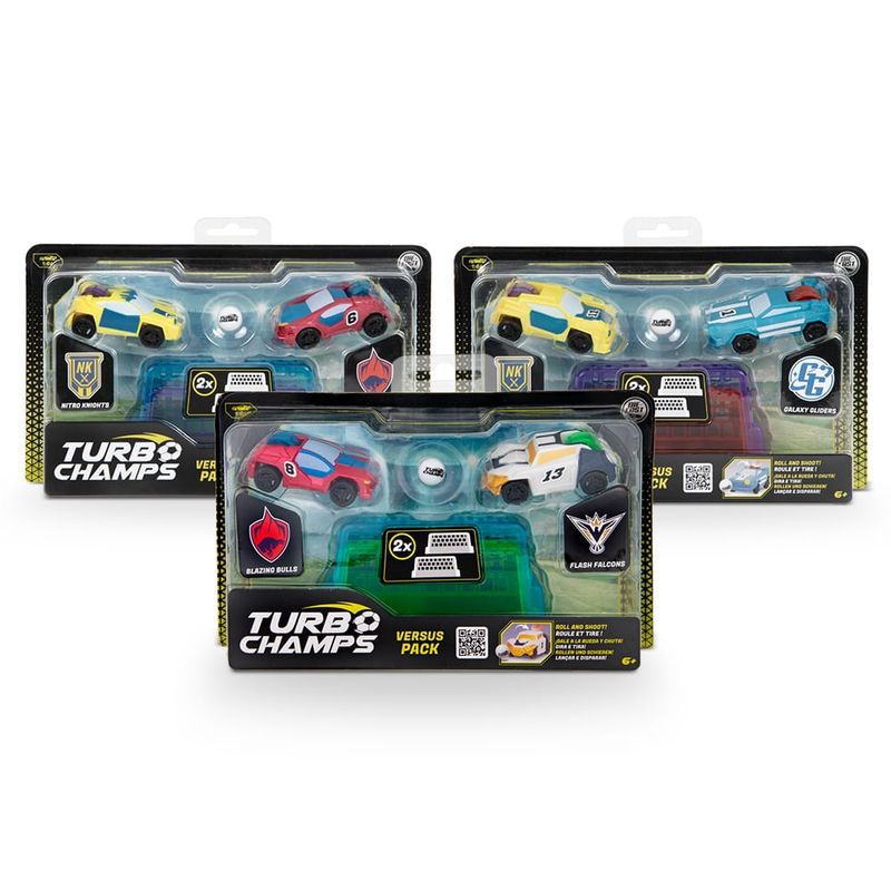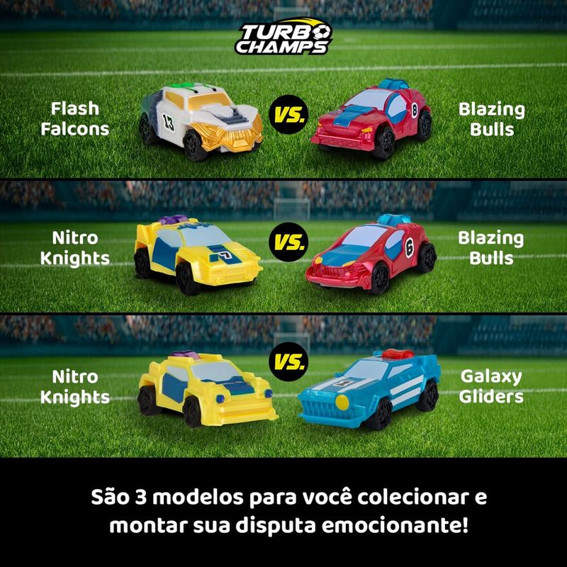 Com o Turbo Champs Desafio 1x1, a rivalidade ganha forma com partidas emocionantes entre dois carrinhos prontos para marcar gols incríveis.
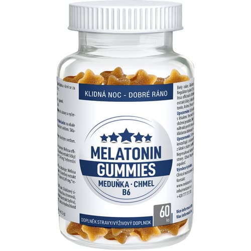 Doplněk stravy. Melatonin Gummies Meduňka + Chmel + B6 je doplněk stravy. Melatonin je látka tělu vlastní ovlivňující cirkadiální rytmy, jeho hladina v krvi se za normálních okolností zvyšuje po nástupu tmy a vrcholí uprostřed noci. Organismus si ji vytváří sám, jeho produkce s věkem může klesat. Meduňka lékařská přispívá k pozitivní náladě, podporuje relaxaci a spánek. Chmel otáčivý podporuje dobrý spánek a přináší uklidňující účinek. Vitamín B6 podporuje správnou činnost nervové soustavy a snižuje míru únavy a vyčerpání. Nepřekračujte doporučené denní dávkování. Uchovávejte mimo dosah dětí. Doplňky stravy nejsou náhradou pestré a vyvážené stravy. Balení obsahuje 60 pektinových bonbónů s lahodnou pomerančovou příchutí. Hmotnost obsahu 150 g.
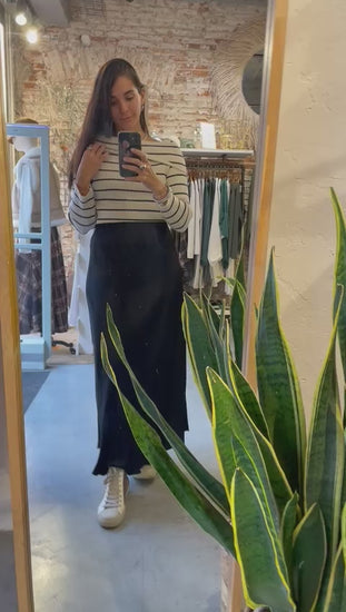 Con la Jersey Zina, tendrás un estilo único gracias a su cuello bardot y su diseño rayado. Además, su tejido de jersey te brindará comodidad y suavidad. ¡Disfruta de una prenda versátil y elegante para cualquier ocasión!
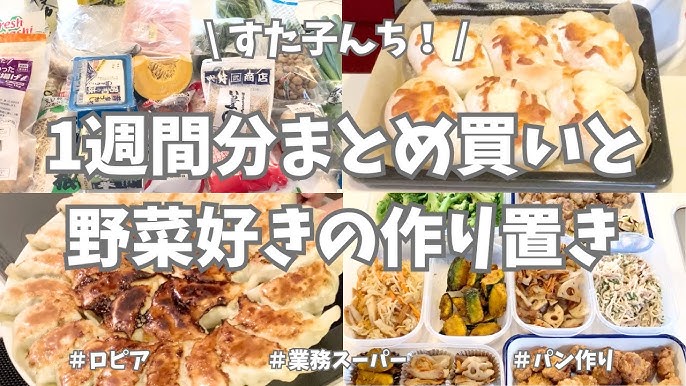 1週間分のまとめ買いと平日楽する作り置き✊!今週もお野菜たっぷりであれこれ作りました🥦🍄🟫🥕♪家族と自分の食べたいものたくさん作って大満足🌟 ロピア 業務スーパー 餃子 パン作り 料理動画。

━━━━━━━━━━━━━━━━━━━━━━━━━━━━━━

▶ [Your instructions]: Please, without any pictures, write out exactly the lines of the listing from its first line through the line that holds "Con la Jersey", ends included, and nothing beyond them.

▶ [Exercise response]:
 Com o Turbo Champs Desafio 1x1, a rivalidade ganha forma com partidas emocionantes entre dois carrinhos prontos para marcar gols incríveis.
 Doplněk stravy. Melatonin Gummies Meduňka + Chmel + B6 je doplněk stravy. Melatonin je látka tělu vlastní ovlivňující cirkadiální rytmy, jeho hladina v krvi se za normálních okolností zvyšuje po nástupu tmy a vrcholí uprostřed noci. Organismus si ji vytváří sám, jeho produkce s věkem může klesat. Meduňka lékařská přispívá k pozitivní náladě, podporuje relaxaci a spánek. Chmel otáčivý podporuje dobrý spánek a přináší uklidňující účinek. Vitamín B6 podporuje správnou činnost nervové soustavy a snižuje míru únavy a vyčerpání. Nepřekračujte doporučené denní dávkování. Uchovávejte mimo dosah dětí. Doplňky stravy nejsou náhradou pestré a vyvážené stravy. Balení obsahuje 60 pektinových bonbónů s lahodnou pomerančovou příchutí. Hmotnost obsahu 150 g.
 Con la Jersey Zina, tendrás un estilo único gracias a su cuello bardot y su diseño rayado. Además, su tejido de jersey te brindará comodidad y suavidad. ¡Disfruta de una prenda versátil y elegante para cualquier ocasión!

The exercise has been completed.